PROBLEM DESCRIPTION.
What is needed here is an exact printout of the data, with no pictures included.

**** SOURCE DATA ****

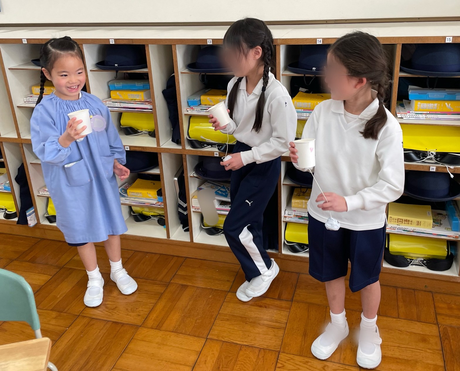 けんだま作りでは、「大丈夫?一緒にやろう!」「ここがやりにくいよね。」と1年生が年長さんを気にかけながら、優しく教えてくださいました。
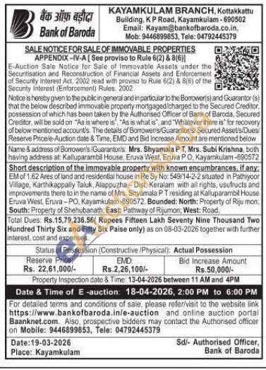 contact the Authorised officer on Mobile: 9446899853, Tele: 04792445379
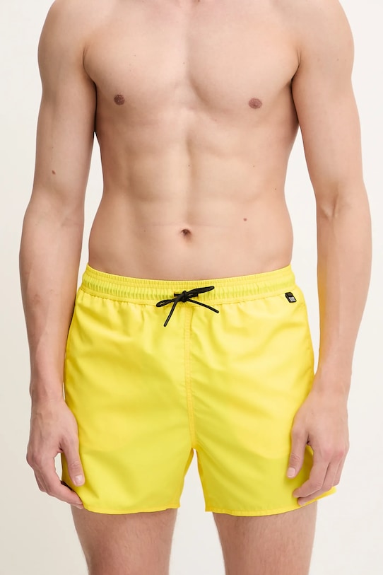 Эти плавки-шорты из коллекции EA7 Emporio Armani изготовлены из тонкой, неэластичной ткани. Полиэстер обеспечивает лучшую устойчивость к сминанию. - Простой дизайн, не стесняющий движений. - Эластичный пояс со шнурками. - Сетчатая внутренняя подкладка для дополнительного комфорта. - Два боковых накладных кармана. - Ширина талии: 38 см. - Длина: 36 см. - Размеры указаны для размера: M.
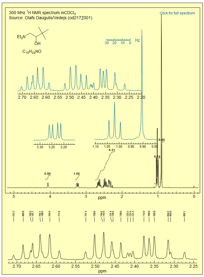 Exercise: Here is a test of the previous sections: analyze the spectrum below, assign all protons, identify all coupling constants.

****

ANSWER TO THIS EXERCISE.
 けんだま作りでは、「大丈夫?一緒にやろう!」「ここがやりにくいよね。」と1年生が年長さんを気にかけながら、優しく教えてくださいました。
 contact the Authorised officer on Mobile: 9446899853, Tele: 04792445379
 Эти плавки-шорты из коллекции EA7 Emporio Armani изготовлены из тонкой, неэластичной ткани. Полиэстер обеспечивает лучшую устойчивость к сминанию. - Простой дизайн, не стесняющий движений. - Эластичный пояс со шнурками. - Сетчатая внутренняя подкладка для дополнительного комфорта. - Два боковых накладных кармана. - Ширина талии: 38 см. - Длина: 36 см. - Размеры указаны для размера: M.
 Exercise: Here is a test of the previous sections: analyze the spectrum below, assign all protons, identify all coupling constants.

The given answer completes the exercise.